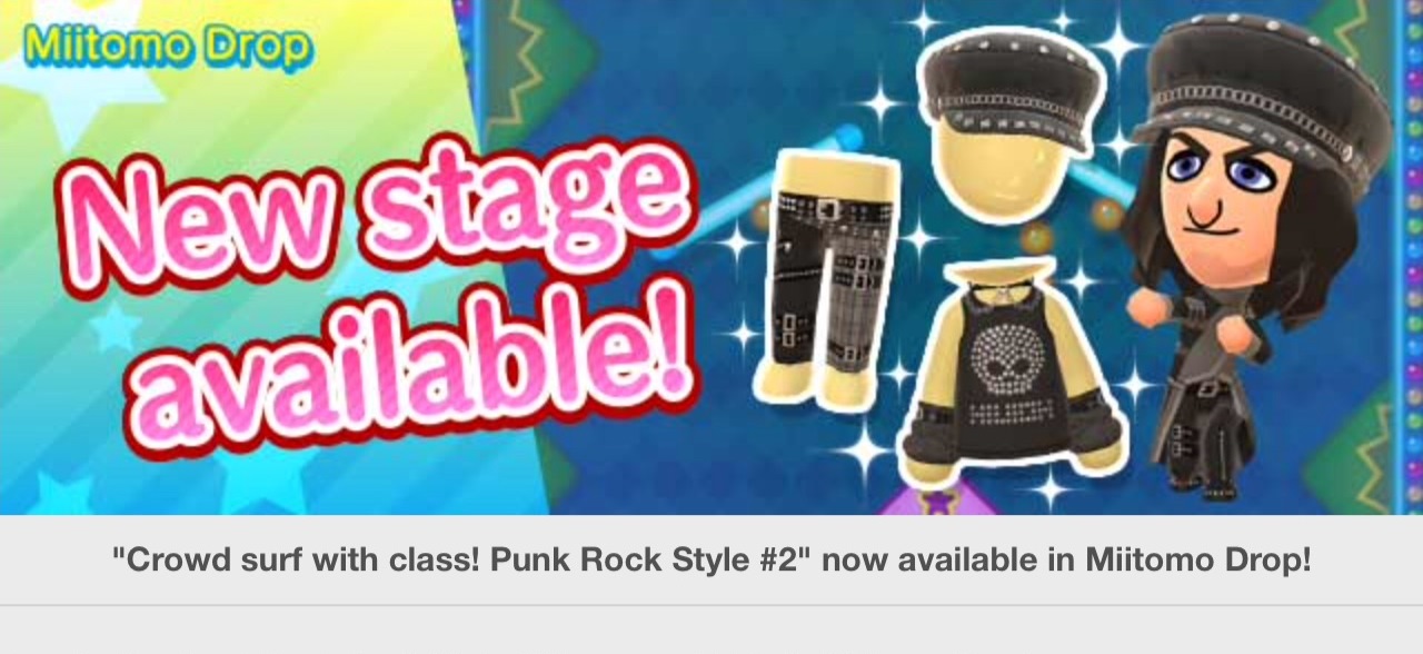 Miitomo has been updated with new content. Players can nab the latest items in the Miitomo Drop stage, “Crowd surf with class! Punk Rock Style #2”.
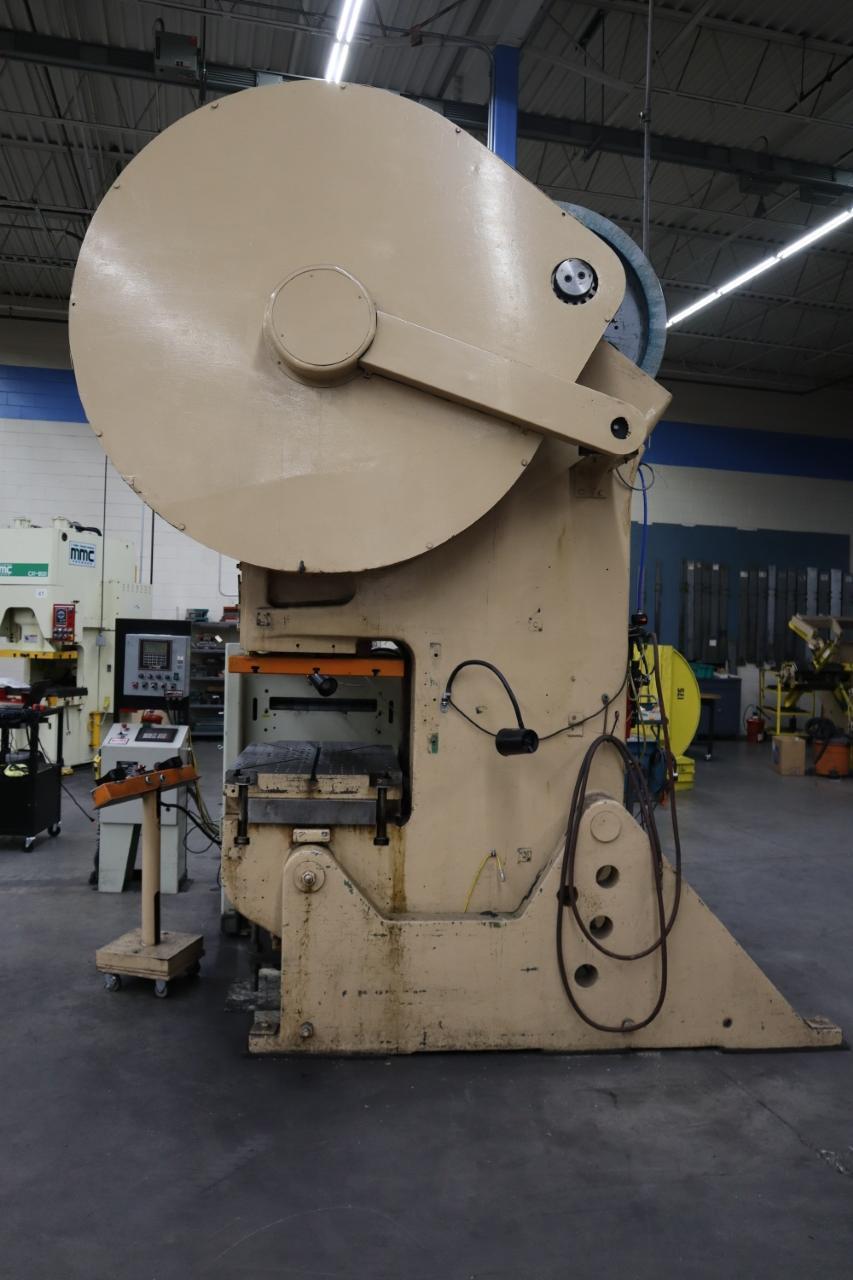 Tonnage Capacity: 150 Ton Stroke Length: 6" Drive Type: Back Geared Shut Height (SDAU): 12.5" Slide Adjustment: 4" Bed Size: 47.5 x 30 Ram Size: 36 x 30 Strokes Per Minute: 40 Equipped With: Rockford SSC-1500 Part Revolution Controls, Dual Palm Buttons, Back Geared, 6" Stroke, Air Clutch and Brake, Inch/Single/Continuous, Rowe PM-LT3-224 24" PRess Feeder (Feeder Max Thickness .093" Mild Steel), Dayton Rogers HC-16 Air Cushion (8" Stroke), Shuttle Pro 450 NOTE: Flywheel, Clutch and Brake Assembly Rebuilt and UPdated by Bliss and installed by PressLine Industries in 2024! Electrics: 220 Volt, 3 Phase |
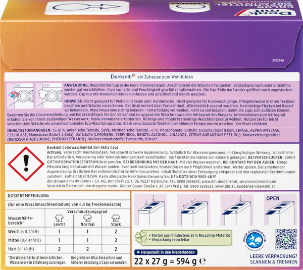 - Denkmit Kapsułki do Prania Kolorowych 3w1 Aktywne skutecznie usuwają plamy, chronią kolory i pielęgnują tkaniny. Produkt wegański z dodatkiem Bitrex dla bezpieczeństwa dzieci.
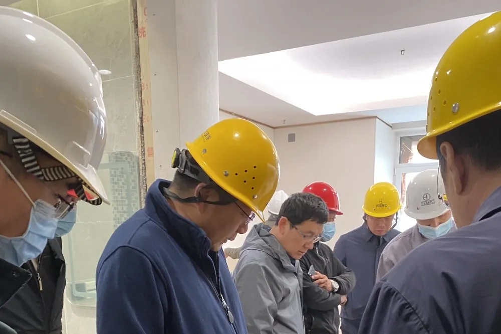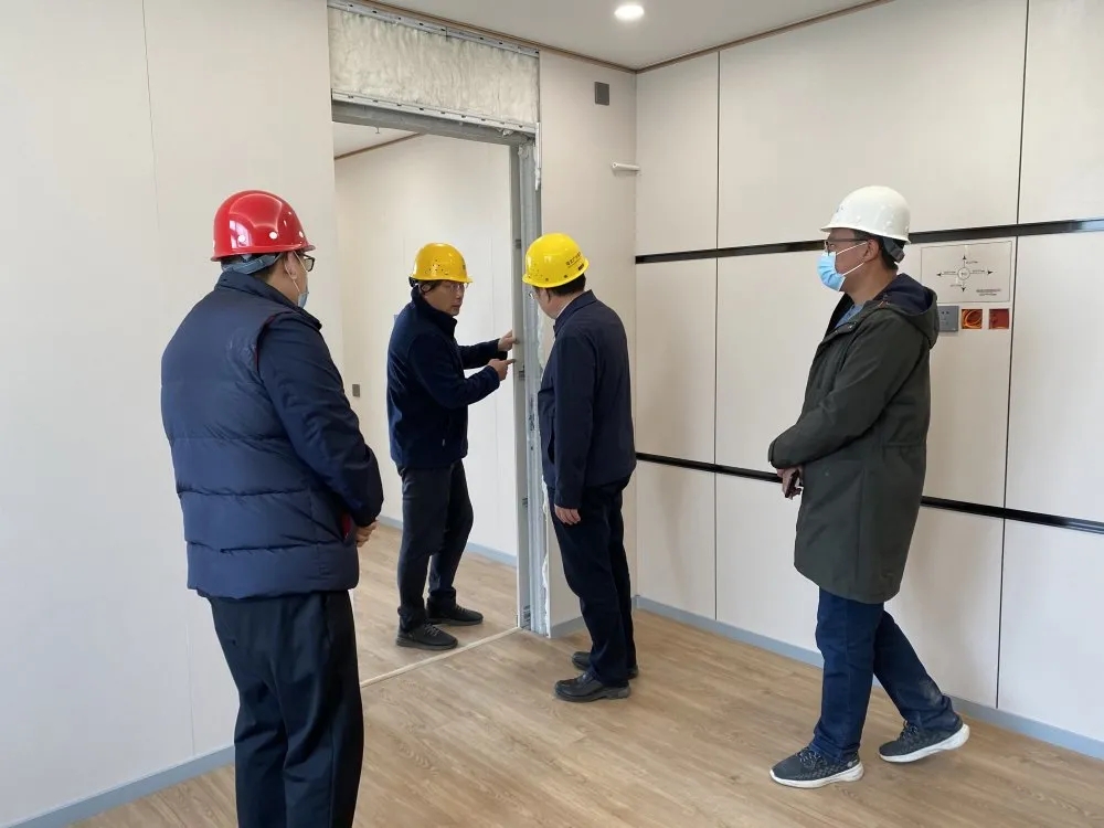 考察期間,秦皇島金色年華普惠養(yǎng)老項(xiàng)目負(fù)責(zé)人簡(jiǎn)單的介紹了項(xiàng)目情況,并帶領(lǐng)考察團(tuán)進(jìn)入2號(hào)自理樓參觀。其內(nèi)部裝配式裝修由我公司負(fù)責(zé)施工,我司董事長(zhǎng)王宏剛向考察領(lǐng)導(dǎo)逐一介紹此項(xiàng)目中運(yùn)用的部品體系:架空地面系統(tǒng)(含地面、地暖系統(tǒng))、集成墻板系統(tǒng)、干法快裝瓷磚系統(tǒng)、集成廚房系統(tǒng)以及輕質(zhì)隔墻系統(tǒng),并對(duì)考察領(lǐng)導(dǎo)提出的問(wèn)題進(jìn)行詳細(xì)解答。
...
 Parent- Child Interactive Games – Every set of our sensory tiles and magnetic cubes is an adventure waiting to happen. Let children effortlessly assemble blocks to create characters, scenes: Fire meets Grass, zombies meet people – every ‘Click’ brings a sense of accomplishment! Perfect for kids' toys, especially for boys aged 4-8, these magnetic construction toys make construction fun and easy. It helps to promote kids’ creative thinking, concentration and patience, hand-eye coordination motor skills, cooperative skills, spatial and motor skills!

* [Task brief]:
The response must repeat exactly the lines above from the one with "Miitomo has been" through the one with "Tonnage Capacity: 150", including both, and must contain no pictures and no other text.

* [Solved problem]:
 Miitomo has been updated with new content. Players can nab the latest items in the Miitomo Drop stage, “Crowd surf with class! Punk Rock Style #2”.
 Tonnage Capacity: 150 Ton Stroke Length: 6" Drive Type: Back Geared Shut Height (SDAU): 12.5" Slide Adjustment: 4" Bed Size: 47.5 x 30 Ram Size: 36 x 30 Strokes Per Minute: 40 Equipped With: Rockford SSC-1500 Part Revolution Controls, Dual Palm Buttons, Back Geared, 6" Stroke, Air Clutch and Brake, Inch/Single/Continuous, Rowe PM-LT3-224 24" PRess Feeder (Feeder Max Thickness .093" Mild Steel), Dayton Rogers HC-16 Air Cushion (8" Stroke), Shuttle Pro 450 NOTE: Flywheel, Clutch and Brake Assembly Rebuilt and UPdated by Bliss and installed by PressLine Industries in 2024! Electrics: 220 Volt, 3 Phase |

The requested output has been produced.